Why do they oppose restitution?

In many cases, it’s because they believe their institutions are the rightful owners. In the early 19th century, British aristocrat Lord Elgin sailed home from Greece with statues and friezes that had once adorned the Parthenon in Athens; the removal, he said, was approved by local Ottoman officials. The Elgin Marbles are now a star attraction at the British Museum in London, but Greece considers them part of its cultural patrimony and has long petitioned for their return. Earlier this year, then–British Culture Minister Michelle Donelan said such a repatriation would open a “complete can of worms,” leading other nations to make restitution requests of the museum. Many of those countries, some curators argue, are not safe for cultural treasures.

What’s the problem?

War, poverty, corruption, and shoddy infrastructure in developing nations can leave artifacts vulnerable to damage, theft, and decay. Some experts consider those solid arguments for leaving looted works where they are: in well-secured museums visited by millions from around the world. “Where else on our planet can we bring together under one roof the fruits of 2 million years of human endeavor?” said George Osborne, head trustee of the British Museum and former Chancellor of the Exchequer. But others, especially non-Westerners, detect echoes of patronizing colonial attitudes in such humanitarian appeals. “It is painful that others always want to teach us about how we preserve our heritage,” said Beninese art historian Didier Houénoudé, “that these others have themselves painstakingly destroyed.”
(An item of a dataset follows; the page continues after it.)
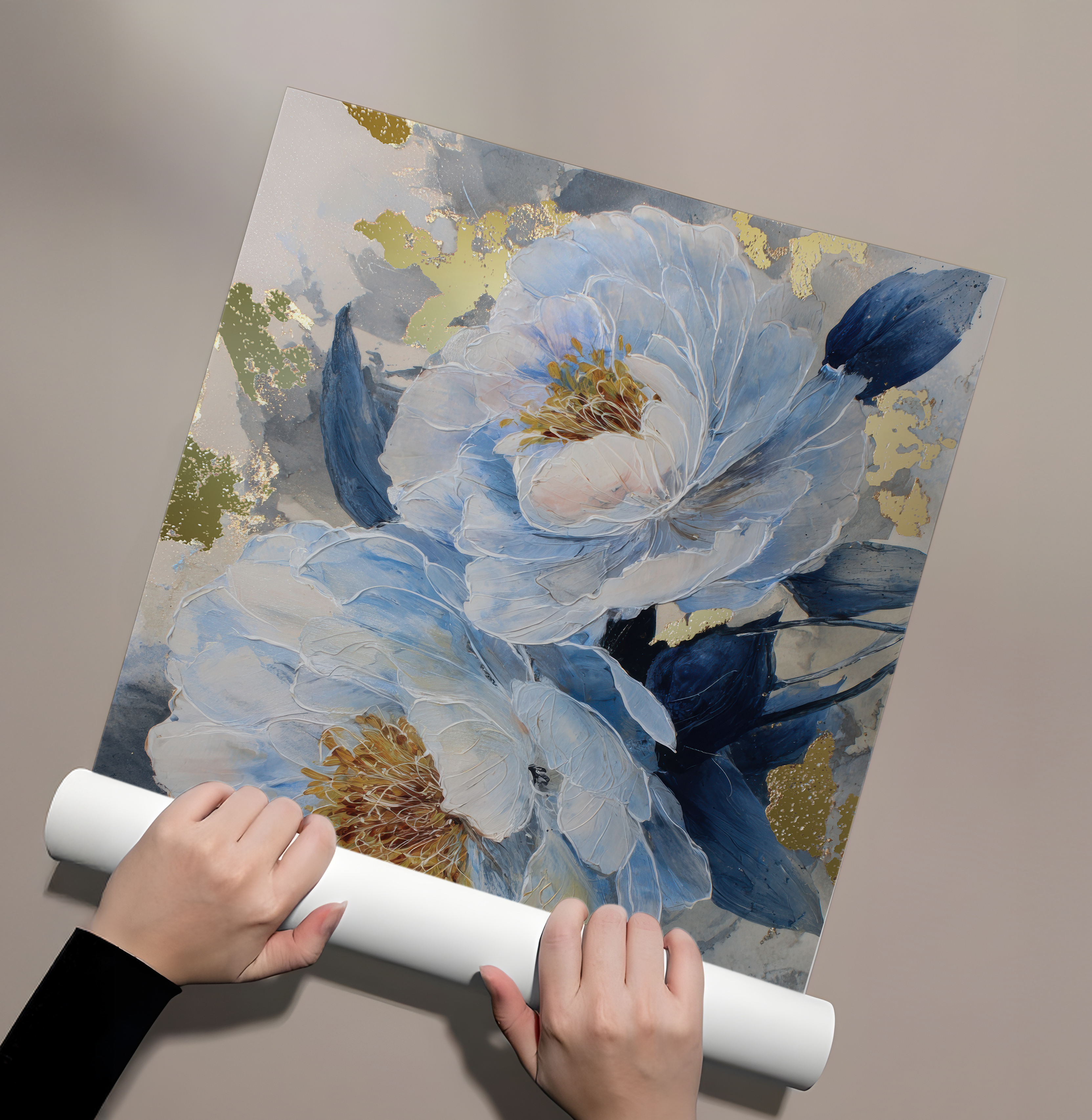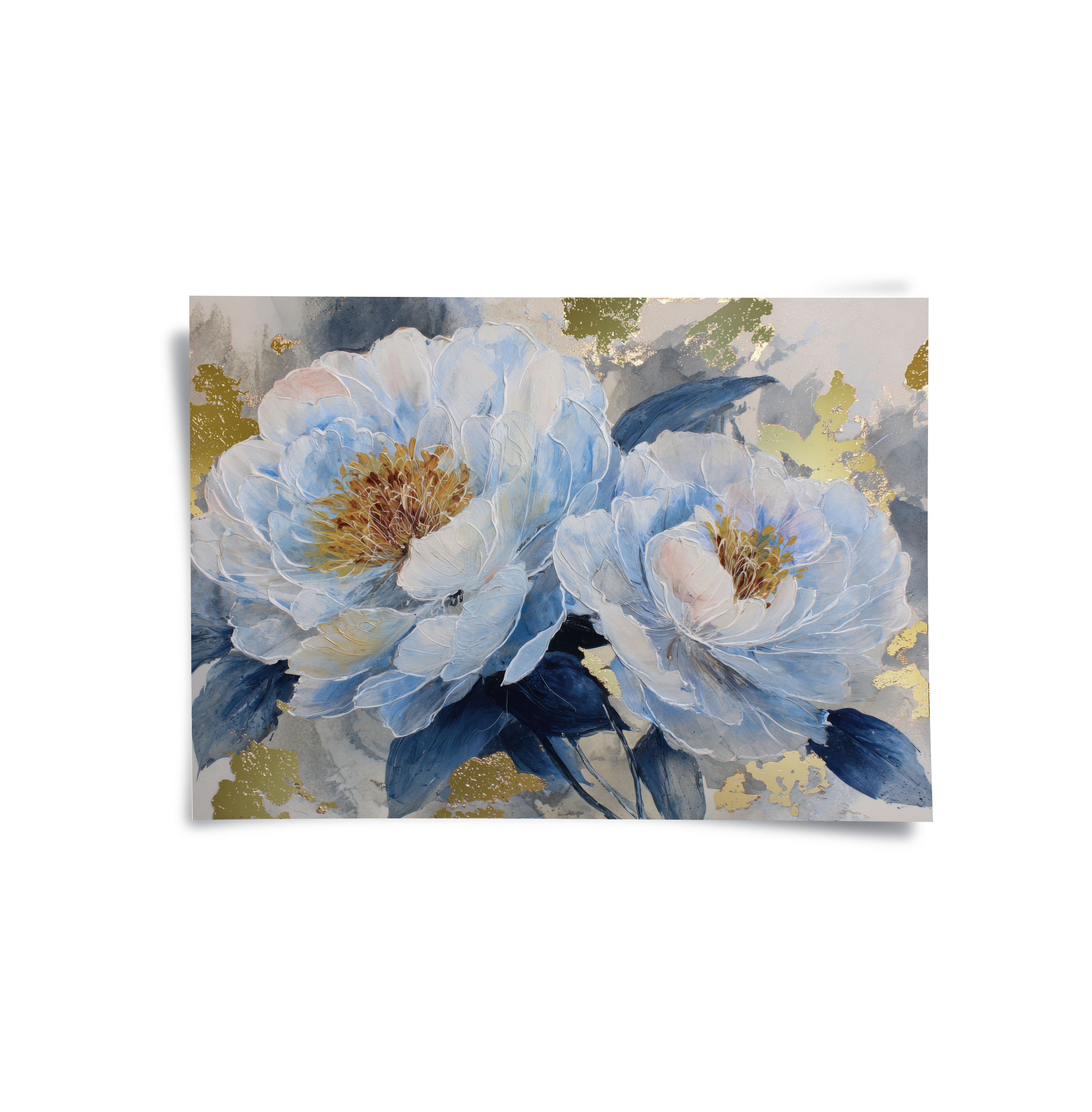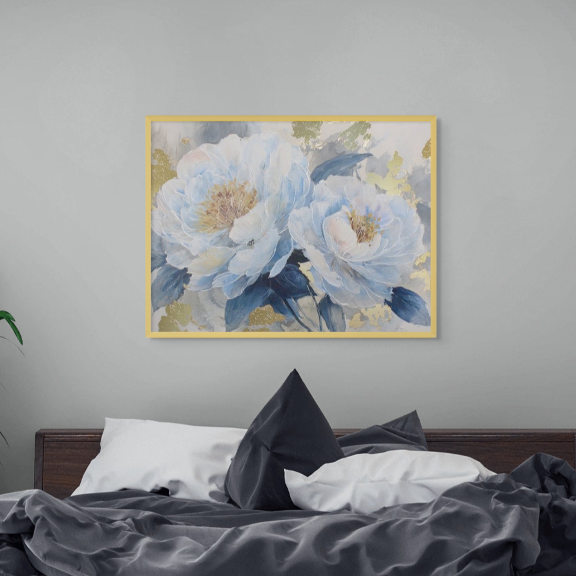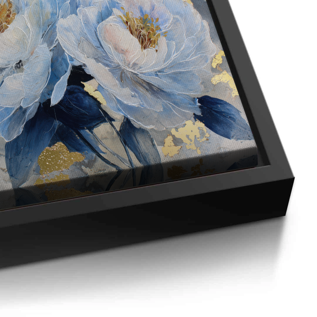 Blue Reverie captures layered peony blooms in soft blue and ivory tones, accented with subtle gold highlights against a textured grey backdrop. The artwork evokes calm and quiet elegance, making it ideal for bedrooms, living spaces, and refined contemporary interiors.

The fate of the Benin Bronzes

In 1897, British troops armed with artillery and machine guns attacked Benin City in present day Nigeria to quash a rebellion; thousands of residents were killed. The British snatched some 3,000 astonishingly intricate brass sculptures from the royal compound. The Benin Bronzes, as they came to be known, eventually landed in collections across Europe and the U.S. In 2007, Western museum directors met with Nigerian officials to discuss repatriation; Germany has since returned 1,100, France 26, and the Smithsonian 29. But in Nigeria, a dispute arose over who should take them: The government, whose flagship art museum sits in disrepair? An internationally funded venture with a museum blueprint by star architect David Adjaye? Or the oba, the traditional ruler whose ancestors commissioned the sculptures? Last spring, outgoing Nigerian President Muhammadu Buhari decreed the oba should have them. The powerless, cash-strapped monarch has not displayed the artifacts publicly and refuses international oversight. Some fear he may sell them to foreign buyers. “In the name of reversing old wrongs,” David Frum wrote in The Atlantic, “modern decision makers are in danger of committing grave new ones.”